Opened 5 years ago

Last modified 4 years ago

#57520 assigned defect

py-pyopencl: Does not build on libstdc++ systems; does not honor MacPorts build flags

Reported by: ryandesign (Ryan Carsten Schmidt) Owned by: petrrr
Priority: Normal Milestone:
Component: ports Version:
Keywords: snowleopard lion mountainlion Cc:
Port: py-pyopencl

Description

py-pyopencl doesn't build on older systems that use libstdc++, because although it includes the cxx11 1.1 portgroup, that portgroup can't function properly because the pyopencl build system does not make use of the CXXFLAGS and LDFLAGS that MacPorts sets.

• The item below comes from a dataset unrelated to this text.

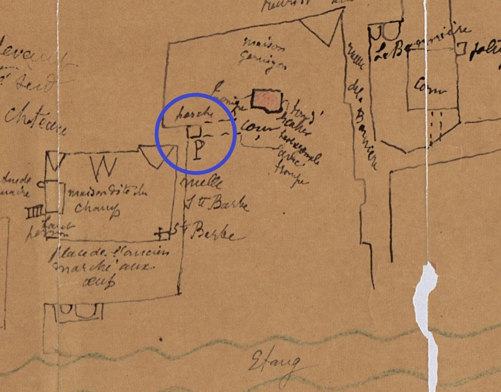 Mention du porche sur un plan de Joseph des Bouillons à la fin du 19e siècle

I've spent a little time trying to understand the build system, but unfortunately I'm not getting very far. I don't know python very well. I see in the setup.py these lines:

        StringListOption("CXXFLAGS", default_cxxflags,
            help="Any extra C++ compiler options to include"),
        StringListOption("LDFLAGS", default_ldflags,
            help="Any extra linker options to include"),
        ])

Naïvely, I assume this means that the build system allows us to specify CXXFLAGS and LDFLAGS in some way. Unfortunately, I have been unable to determine what that way is. MacPorts of course already sets these as environment variables, which are being ignored.

I also notice that the build is using clang (instead of clang++) to compile the C++ code (but is using clang++ to link it). While this appears to work, it should ideally be fixed to use the right compiler.

Change History (3)

comment:1 Changed 5 years ago by ryandesign (Ryan Carsten Schmidt)

Note that you don't need to be on an older system to confirm if you've fixed this problem. On any system, you can look at the MacPorts debug output or main.log file to see if the -stdlib=... flag is being added where it should be.

comment:2 in reply to:  description Changed 5 years ago by ryandesign (Ryan Carsten Schmidt)

Replying to ryandesign:

I also notice that the build is using clang (instead of clang++) to compile the C++ code (but is using clang++ to link it). While this appears to work, it should ideally be fixed to use the right compiler.

I've learned that this is simply a bug in distutils that has never been fixed. Python simply does not support modules written in C++. Brilliant.

comment:3 Changed 4 years ago by ryandesign (Ryan Carsten Schmidt)

Now tracking the underlying issue as #59950.